Westcombe Park
Westcombe Park, Greenwich
Situated west of Charlton and north of Kidbrooke, Westcombe Park is in character an extension of Blackheath and Greenwich
The manor of Combe (Old English for a valley or hollow) lay in the Charlton area, and West Combe had its own identity before the Norman conquest, separated from the rest of the manor by what is now Westcombe Hill. The land came into Crown possession before being granted to Richard II’s butler, Gregory Ballard, in an arrangement witnessed by Geoffrey Chaucer.
Westcombe remained farmland throughout the Middle Ages, but its subsequent history was dominated by two 18th-century properties situated immediately south of present-day Mycanae Gardens.

A grand house called West Combe (also known as Westcombe Park, House or Manor) was built in the 1720s and stood for around 130 years.

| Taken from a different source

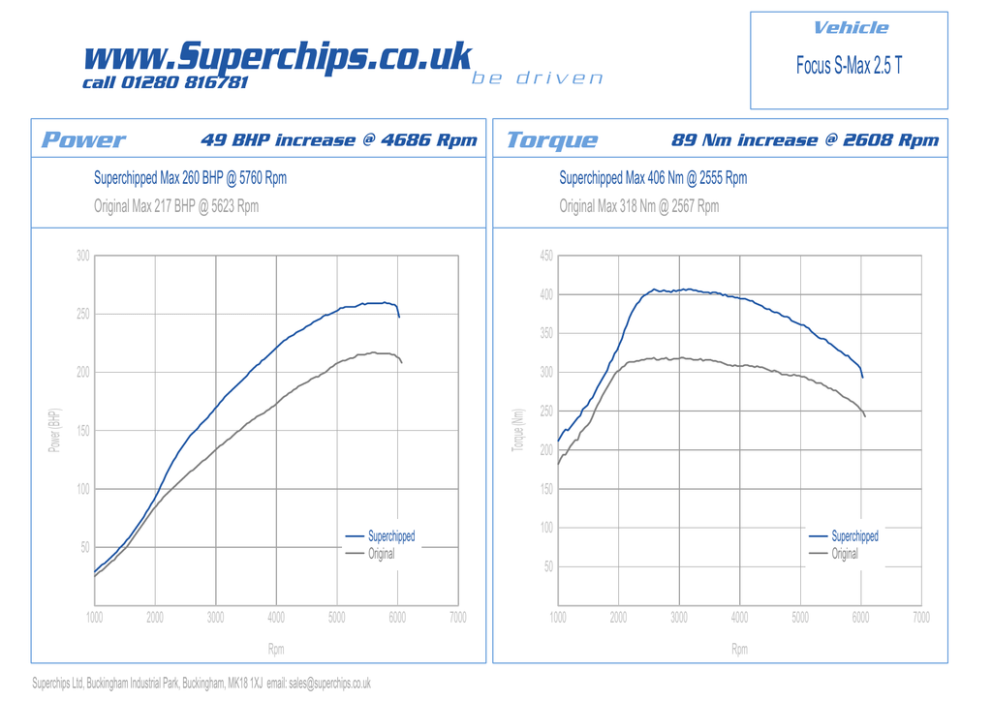 www.Superchips.co.uk be call 01280 816781 Power 49 BHP increase @ 4686 Rpm Vehicle Focus S-Max 2.5 T driven Torque 89 Nm increase @ 2608 Rpm Superchipped Max 260 BHP @ 5760 Rpm Superchipped Max 406 Nm @ 2555 Rpm Original Max 217 BHP @ 5623 Rpm Original Max 318 Nm @ 2567 Rpm 450 300 400 250 350 300 Torque (Nm) Power (BHP) 200 150 100 200 150 100 Superchipped Original 50 1000 250 2000 3000 4000 5000 Rpm Superchips Ltd, Buckingham Industrial Park, Buckingham, MK18 1XJ email: [email protected] 6000 Superchipped Original 50 7000 1000 2000 3000 4000 Rpm 5000 6000 7000

West Combe boasted 50 acres of pleasure grounds and its tenants included the general and colonial administrator Clive of India and the banker Alexander Baring.
In 1774 the wealthy and well-connected merchant John Julius Angerstein built a villa called Woodlands. Angerstein was the first chairman of Lloyd’s of London, devised a groundbreaking scheme for a national lottery and acquired paintings that formed the nucleus of the National Gallery collection. Woodlands later became home to the Yarrow shipbuilding family and then to the Little Sisters of the Assumption. Much altered over the centuries, the house served as the borough’s local history library until the facility moved to Woolwich Arsenal in 2003. It is now home to Greenwich Steiner School.
Neighbouring Mycanae House is a community centre and event venue.
During the 1850s and 1860s land to the south of Westcombe Park Road was laid out as the Vanbrugh Park estate. The success of this project, and the opening of the station in 1876, prompted the sale of West Combe’s extensive grounds for the building of middle-class housing. However, despite grand aspirations and an architectural competition, several decades elapsed before all the plots were taken up.
After the Second World War rising property values encouraged infilling by private housebuilders, while the municipal authorities demolished several properties to make way for council flats. Subsequent pressure from preservation societies has prevented further debasement of the area.
Founded in 1904, Westcombe Park rugby club moved to Orpington in 1936, and to its present home at Goddington Dene in 1990.